Une multitude d’espèces animales ou végétales ont  été les hôtes de la planète Terre. Durant des siècles tous ont vécu dans une certaine harmonie. Mais l’une d’entre elles a décidé d’être supérieure aux autres : l’Homme.

La nature fonctionne  sous forme  cyclique : chaque  être vivant a des caractéristiques et  des capacités  qui lui permettent  de vivre, de survivre et de se reproduire. Cependant l’homme lui, assurera sa vie en mettant en cause la survie d’un certain nombres d’espèces,  jusqu’ à  remettre en cause la  survie de sa propre espèce : à travers les âges, il a su s’adapter à la nature jusqu’à être arrivé au point où la nature doit s’adapter  aux conséquences  du comportement  de l’Homme…

Prenons l’exemple du champignon parasite appelé « cordyceps ». Ce champignon, se situant en zone tropicale, a développé une intelligence reproductive étonnante en prenant possession d’un hôte intermédiaire, en l’occurrence la fourmi. Une fois qu’une fourmi aspire quelques microspores, le champignon prend peu à peu son contrôle, lui fait changer de trajectoire, lui bloque les mandibules pour qu’elle ne puisse s’échapper. Peu à peu, la fourmi immobilisée va mourir et le champignon va se développer au travers de son corps et former une ombrelle d’où les spores vont s’envoler pour se déposer plus bas, ce qui assurera sa perpétuation. Ainsi se forme un cycle. On retrouve cet aspect cyclique dans nombre d’éléments constituant la nature : on peut voir cela comme un schéma de boucle, où tout ce qui est détruit se régénère avec le temps.
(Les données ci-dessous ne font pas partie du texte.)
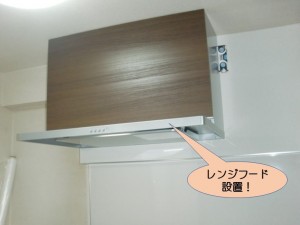 M様邸はL型のキッチンで、レンジフードと吊戸棚の間に隙間ができます。その隙間にお手入れしやすいキッチンパネルを張ります。先にパネルを張ってからレンジフードを設置することで、レンジフードの下の部分も気異例に仕上がります。
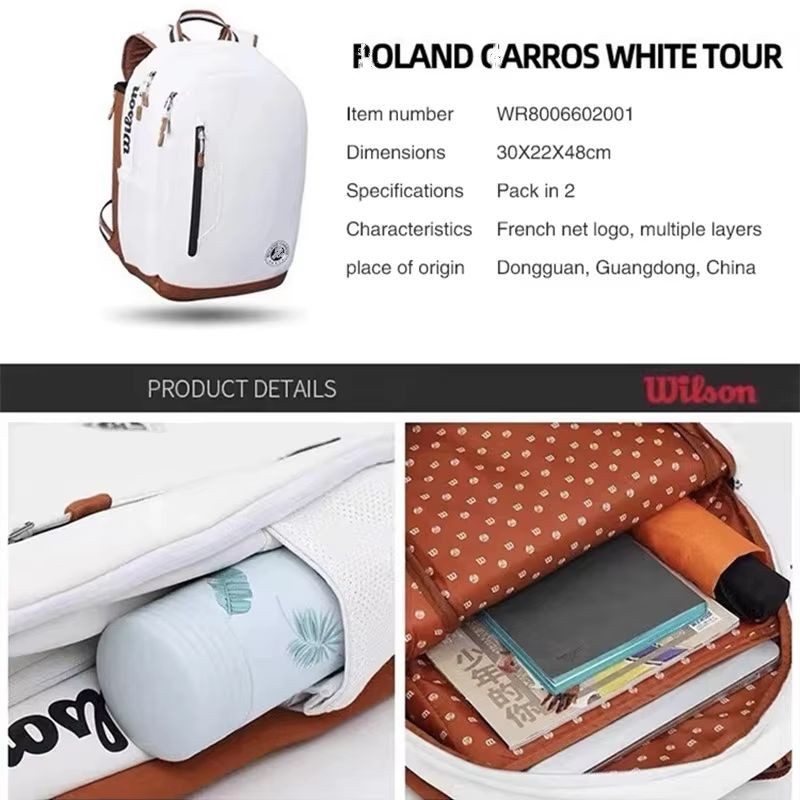 Wilson กระเป๋าเทนนิสถือ 2 ไม้เทนนิสกระเป๋าเป้สะพายหลังภาษาฝรั่งเศสคําเปิดไหล่กระเป๋า Court กระเป๋าแร็กเก็ตผู้ชายผู้หญิงพาเดลกีฬากระเป๋าเป้สะพายหลัง
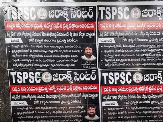 తెలంగాణ పబ్లిక్ సర్వీస్ కమిషన్కు (టీఎస్పీఎస్సీ) చెందిన పరీక్షా పేపర్ల లీకేజీ వ్యవహారంలో మరింత వేడి రాజుకుంటోంది. విపక్షాలకు చెందిన కొంత మంది కమిషన్ పని తీరును ఎండగడుతున్నారు. ఏకంగా గోడలకు పోస్టర్లు అంటించి మరీ నిరసన తెలియజేస్తున్నారు. తాజాగా హైదరాబాద్ లోని టీఎస్పీఎస్సీ ఆఫీసు వద్ద వివాదాస్పద రీతిలో గోడకు అంటించిన వాల్ పోస్టర్లు వాల్ పోస్టర్లు కలకలం రేపాయి. టీఎస్పీఎస్సీ జిరాక్స్ సెంటర్ అని ఎద్దేవా చేస్తూ ఆ పోస్టర్లలో ఉంది. నాంపల్లిలో టీఎస్పీఎస్సీ కార్యాలయం సమీపంలోనే కొంత మంది ‘టీఎస్పీఎస్సీ జిరాక్స్ సెంటర్’ అని ఫ్లెక్సీలు, పోస్టర్లు ఏర్పాటు చేశారు.
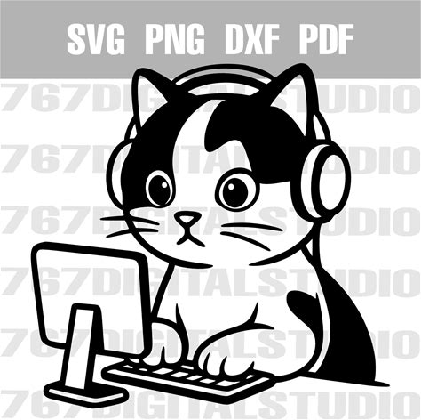 Cat At Computer SVG | Cute Gamer Kitty Clip Art | DXF PNG Pdf Vector Cut File For Cricut, Silhouette, Laser Engraving & Crafts
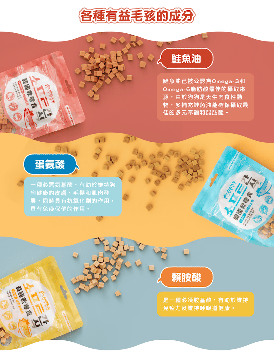 韓國明太魚丁 明太魚含有豐富的氨基酸 幫助維持肌肉毛髮健康 嚴選自韓國海域的明太魚,富含葡萄糖胺,能幫助毛孩維持關節健 康。低熱量、高蛋白,是理想的營養補充零食,適合日常餵食或訓練 時的獎勵,給您的毛孩健康美味的享受!
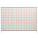 A plaid patterns using the pastel colours of peach, teal and lime green.
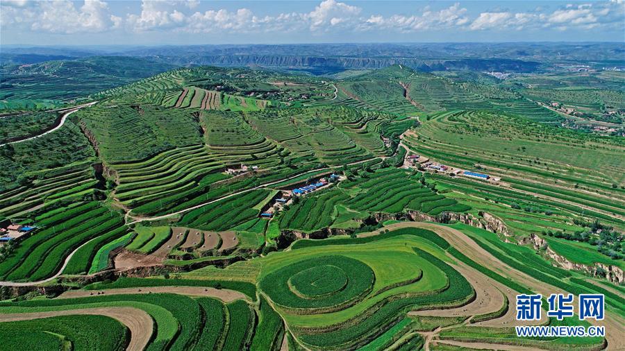 寧夏固原市彭陽(yáng)縣金雞坪梯田公園(7月16日攝)。 新華社記者 王鵬 攝

Il n’en est pas de même pour l’Homme : qui ne connaît pas Elon Musk ? C’est le directeur du projet Space X, de Starlink et de nombreux autres projets dont celui de poser une puce dans le cerveau de l’Homme, appelé « Neuralink ». En effet « Neuralink » consisterait en une puce électronique implantée dans le crâne d’une personne pour faciliter les soins de maladies, ou encore  sauvegarder des souvenirs. L’aspect médical de la chose serait très intéressant, mais cette puce pourrait se révéler très dangereuse si elle était mal utilisée comme prendre le contrôle des autres. Les dystopies comme « Harwired », « Upgraded », « Robocop », ou encore la dernière série populaire de Netflix « Black Mirror » ou même l’œuvre « Ghost in the shell » ont déjà illustré les conséquences de la (dé)possession du cerveau humain par l’intelligence artificielle. La presse scientifique l’annonce comme un événement précurseur de la fin de l’humanité : « Les images de Gertrude* avec sa puce implantée dans le cerveau sont peut-être les prémices d’un nouvel humain déshumanisé et contrôlé. Demain nous serons tous Gertrude. »
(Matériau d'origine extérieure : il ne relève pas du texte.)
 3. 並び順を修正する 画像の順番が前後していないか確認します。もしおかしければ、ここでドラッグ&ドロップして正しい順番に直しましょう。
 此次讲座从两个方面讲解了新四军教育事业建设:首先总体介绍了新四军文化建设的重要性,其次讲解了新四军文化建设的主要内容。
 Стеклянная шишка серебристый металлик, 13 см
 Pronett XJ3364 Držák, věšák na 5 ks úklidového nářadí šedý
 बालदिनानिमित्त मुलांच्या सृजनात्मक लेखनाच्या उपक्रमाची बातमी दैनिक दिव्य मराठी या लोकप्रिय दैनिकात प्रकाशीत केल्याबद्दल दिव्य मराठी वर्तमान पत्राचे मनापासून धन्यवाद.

Nous pouvons mettre ces deux exemples en parallèle, car ils reposent sur le même  objectif soit  survivre. Mais leur finalité est différente. D’un coté, le champignon utilise ses capacités pour permettre la continuation de son espèce selon son cycle habituel. Alors que l’Homme, ne se souciant plus de la perpétuation de son espèce, essaie d’améliorer un aspect de sa vie  jusqu’à le pousser à la destruction de ses pairs… Cela remet en cause la notion de progrès et de ses intérêts pour l’espèce humaine. L’utilisation funeste des progrès de la science avec Einstein et Marie Curie en sont d’autres tristes exemples précurseurs (Hiroshima et Tchernobyl).
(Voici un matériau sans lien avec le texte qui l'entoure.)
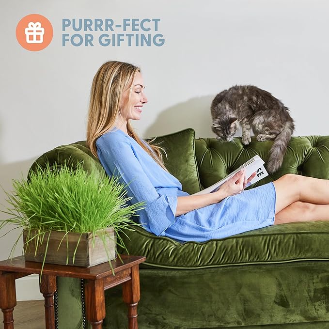 • Part Cat Grass, Part Decor: Our rustic wood planter is a lovely addition to any home. The purrfect cat gift for cat moms everywhere, our simple and elegant cat grass growing kit keeps your house looking greener and cleaner.
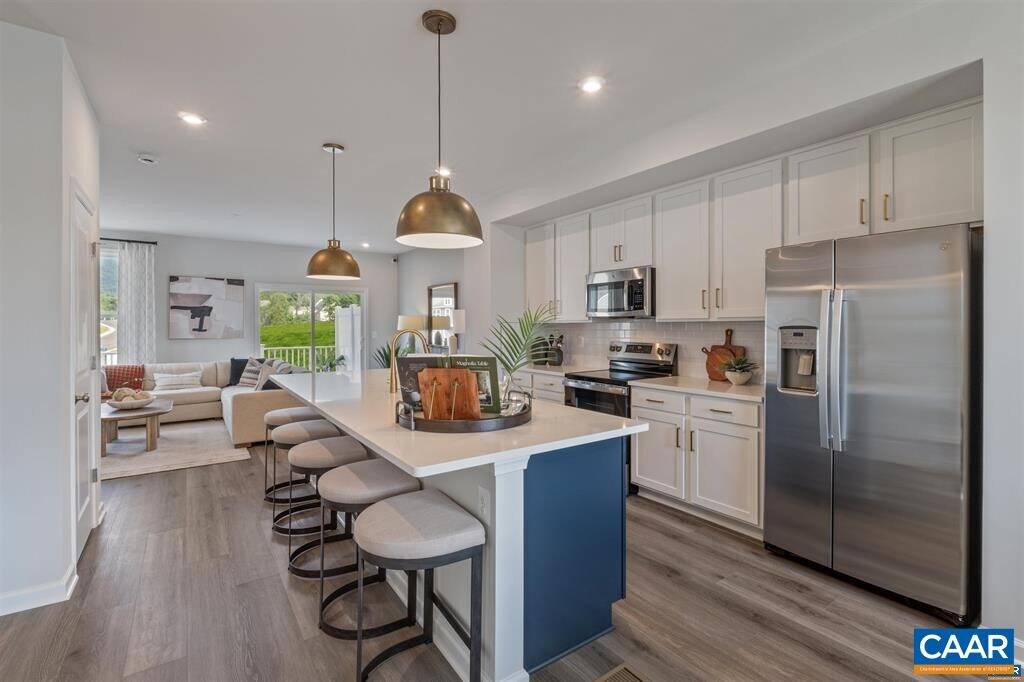 Enjoy amazing MOUNTAIN VIEWS in one of the BEST homes in Pleasant Green! This is an end unit,corner lot true 4 (FOUR!) bedroom,3.5 bathroom home. Only 1 year old and gently lived in home! An abundance of natural light floods every floor thanks to the end unit windows,and light color LVP flooring. Open concept main level features separate living and dining rooms,well-appointed kitchen with quartz & GE stainless steel appliances,two closets/pantires,and 10 foot long breakfast bar,plus a 11x17 balcony space allowing for plenty of space for your grill,outdoor table set,and plants. Primary bedroom suite w/ unbeatable mountain views and en suite bathroom with double sink vanity and walk-in closet. The bedroom level is rounded out by large side-by-side laundry closet with storage,desk nook,full bath w/ double sink,and two more bedrooms. Additional ground level true 4th bedroom en suite includes a full bathroom and direct access to the grassy backyard. Great storage throughout plus a one car attached garage. Phenomenal Crozet location WALKABLE to downtown amenities and restaurants. Western Alb schools. 20 minutes to Cville! **Pics are of a model unit w/ upgrades that we do not have! MLS ID 673748

Mais ce dont l’Homme ne se doutait pas,  c’est que la nature aussi simple  et  cyclique fusse-t-elle   prendrait  un jour sa revanche : « les zoonoses ». Ce sont des maladies, provenant de la nature, des animaux, dont l’Homme a scrupuleusement, systématiquement, détruit les habitats pour les utiliser à son profit. La nature pour sa survie, pour perpétuer son cycle de vie s’est rapprochée des hommes et lui transmet des bactéries qui les détruisent. Chikungunya, dengue, fièvre de Lassa, hépatite A, herpès virus B, maladie à virus Ebola, rage… La Covid-19 dont on ne connait pas la réelle source en est le dernier exemple mais bien plus brillant : elle a utilisé le mode de vie des hommes, ses déplacements, ses habitats pour se diffuser. Elle mute sans cesse jusqu’à dernièrement se rendre indétectable (variant breton). Ainsi la nature reprend ses droits sur cette espèce qui durant longtemps l’a exploitée et l’a méprisée.  Si nous survivons à cette pandémie, l’Homme en sera-t-il pour autant plus respectueux de la nature ? Y aurait-il une autre voie pour l’Homme ?  Après réflexion, plusieurs possibilités ont émergé :

Déjà utopiquement, l’Homme pourrait arrêter toutes sortes de progrès pour se reconnecter avec la nature. Cela se ferait en plusieurs étapes comme la signature d’un décret mondial pour l’arrêt tout d’abord de l’exploitation d’énergies fossiles. Ensuite la mise en place d’une protection maximale de territoires  qui de nos jours sont exploités pour leurs ressources rares et en voie de disparation, dont la majorité sont utilisées dans les secteurs de la bijouterie et de l’informatique. Comme par exemple le continent Africain. En conséquent, l’Homme devrait utiliser des solutions alternatives : Pour le milieu de la bijouterie, une production artificielle comme le fait la Chine, et pour l’informatique, il faudrait trouver une vraie solution alternative car le recyclage n’est pas viable au long terme (les matériaux se dégradent). Cependant ces solutions,  à cause de l’exploitation des terres rares et notamment  de l’exploitation d’énergies fossiles, ont peu de chance d’aboutir : elles  ont trop d’enjeux  géopolitiques, économiques et sociaux. Enfin, ces solutions sont le terreau d’autres  problèmes :  la  réactualisation  de  l’idée que le nucléaire  peut  sauver le monde  par  trois scientifiques  dans la presse ou le constat  que les énergies  renouvelables  peuvent  être un leurre au vu des  effets et coûts collatéraux   de  leur  développement.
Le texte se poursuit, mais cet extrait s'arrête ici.